Parenting Teenagers, Part 2
March 19, 2008 — brianmclYesterday I began posting my recent series on parenting teenagers. Specifically, I gave my understanding of the purpose of parenting: to produce biblically wise adults. Today I want to continue to develop this purpose to counter a popular form of parenting: behavior control.
Many parents approach parenting, especially parenting teenagers, with the goal of “behavior control.” That is, many parents simply want to keep their children from certain behaviors (such as failing out of school, doing drugs, or getting pregnant). When a parent approaches their parenting in this manner, they may accomplish their goal, but they will most likely fail on the larger goal of creating biblically wise adults.
Let me give you an example. Most parents do not want to see their teenage daughters get pregnant. This is certainly a noble goal. However, if my goal in parenting is behavior control, then there are many ways in which I could accomplish the goal of keeping my daughter from getting pregnant. Here are two: 1) I could isolate my daughter so that she doesn’t come in contact with boys, or 2) I could put my daughter on the pill so that she can have sex but not get pregnant. Do these options accomplish the goal of keeping my daughter from getting pregnant? Yes. Do these options accomplish the goal of creating a biblically wise adult? No.

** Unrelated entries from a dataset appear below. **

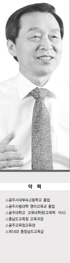 또, 내 고장 명문학교 만들기 등을 통해 교육격차를 해소하고 지역 인재의 외부 유출을 방지할 것이다. 비록 어려운 숙제이기는 하지만 공교육정상화만이 사교육비의 부담을 줄이고 충남의 교육경쟁력을 높일 수 있는 유일한 길이라는 소신이다. 선생님들의 사기를 진작, 열의와 자부심을 가진 교단을 만들어 줄 것, 행정의 비능률을 해소하고 공정 투명한 행정집행을 통한 교직사회의 활성화가 중요하다고 본다. 무엇보다 교육감의 의지와 신념에 입각한 깨끗하고 도덕적인 리더십이 절실, 비리 없는 충남교육을 반드시 실현할 것이다.
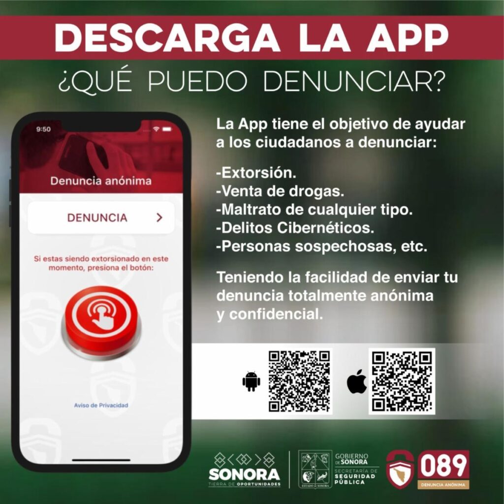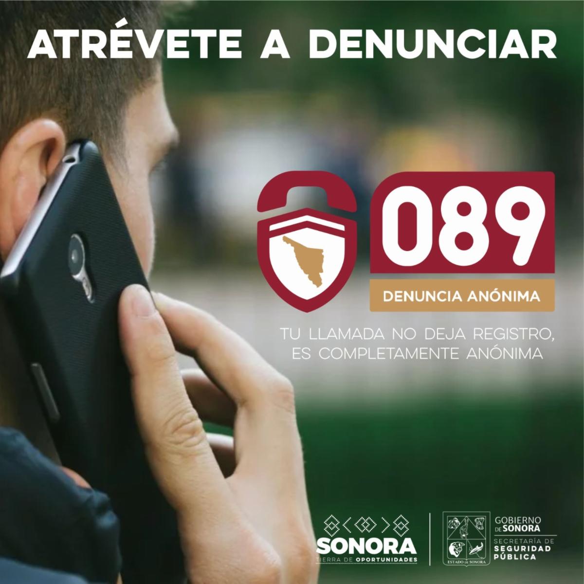 La Secretaría de Seguridad Pública añadió que el Gobierno de Sonora pone a disposición de la ciudadanía dos vías para denunciar posibles delitos de forma anónima y confiable: la línea 089 y la app 089 Sonora, disponible en la tienda de aplicaciones de preferencia, con descarga rápida y gratuita.
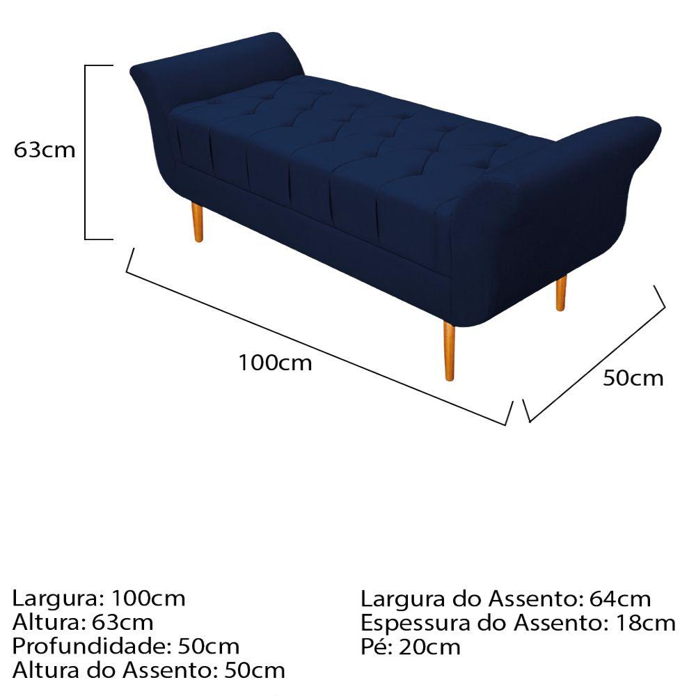 Recamier Ari 100 Cm Solteiro Suede Azul Marinho
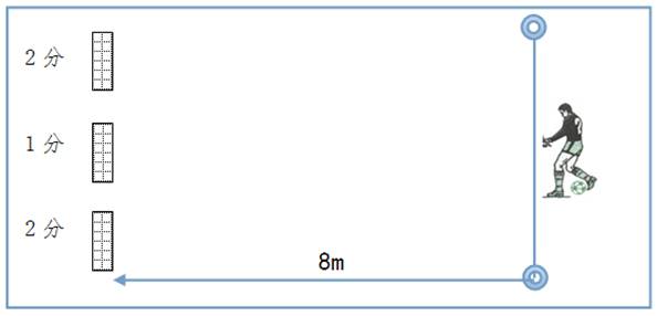 评分方法: 测评员计分,踢进中间球门得1分,踢进两侧球门得2分,按照每个球踢进球门的分数累计相加得出最后分数。测试两次,记录其最佳成绩。

When we parent to behavior control we are not instilling biblical wisdom. In the example above, we have done nothing to teach about God’s view of sexuality and sex, we have done nothing to foster a concern for purity, we have done nothing to equip her for when she is off at college alone!
I believe that behavior control is effective for infants and very young children. But as they begin to develop toward adolescence, we must move from behavior control and move toward a parenting style that will teach and create a biblically wise adult.
There are two very important quotes that you should read. They will make this post rather long, but they make my point better than I can:
“The goal of parenting is not behavior control. It is not merely to produce well-mannered children. It is not to teach our kids socially commendable behavior. It is not to make them polite and respectful. It is not to make them obedient. It is not to get them to perform to our approval. It is not to conform them to a moral standard. It is not to give us, as parents, something to be proud of…The ultimate goal and proper focus of Biblical parenting is redemptive…Don’t just teach your children external self-control; train them to understand temptation and resist it. Don’t just teach them manners; teach them why pride is sinful and why greed, lust, selfishness, and covetousness dishonor God. Punish them for external offenses, but teach them that the root issue is always a deeper problem – corruption of their hearts. When you correct them, don’t do it merely to satisfy you as the offended, irritated, frustrated parent. That’s anger; it’s vengeance. But when you correct them, help them to se that it is first of all God who has been offended and that He offers reconciliation through Jesus Christ.” (John MacArthur, Successful Christian Parenting, 148ff)
“Most parents I have worked with have this goal: to get their children to do what is right. Their goal is to control, direct, or guide the behavior of their children. To them, this is the heart of Christian parenting. So John, who has gotten poor grades, is forbidden to watch television until his grades are better, and Sue, who didn’t return her sister’s blouse after she borrowed it without asking, is told that she cannot borrow anyone’s clothes for six weeks. Solutions? Yes, outwardly, but no change of heart…We need to ask why Sue thinks it is her right to take the possessions of others without permission and with no sense of obligation to return them. What is it about the way she thinks about herself and others that makes this acceptable to her conscience? It is not enough to place behavioral boundaries around her. Our goal is to be used by God to expose and nurture the hearts of our children so that they want to behave in ways that please the Lord.” (Paul David Tripp, Age of Opportunity, 48ff)
March 19, 2008 at 4:07 pm
On the surface it appears that you are saying it’s an either or approach, but isn’t it really both. Can’t I teach my daughters about God’s view regarding sex and teach her the value of purity and institute some “behavior control” as well? Isn’t there a middle ground between the two extremes you listed as examples?
March 20, 2008 at 12:16 pm
You are correct…we shouldn’t go to extremes. This will be evident in future posts. However, when it comes to motivation and purpose, behavior control cannot be the goal. It is too short-term and prevents us from effectively teaching our kids. But in practice, some behavior control techniques will be used (though not the pill!)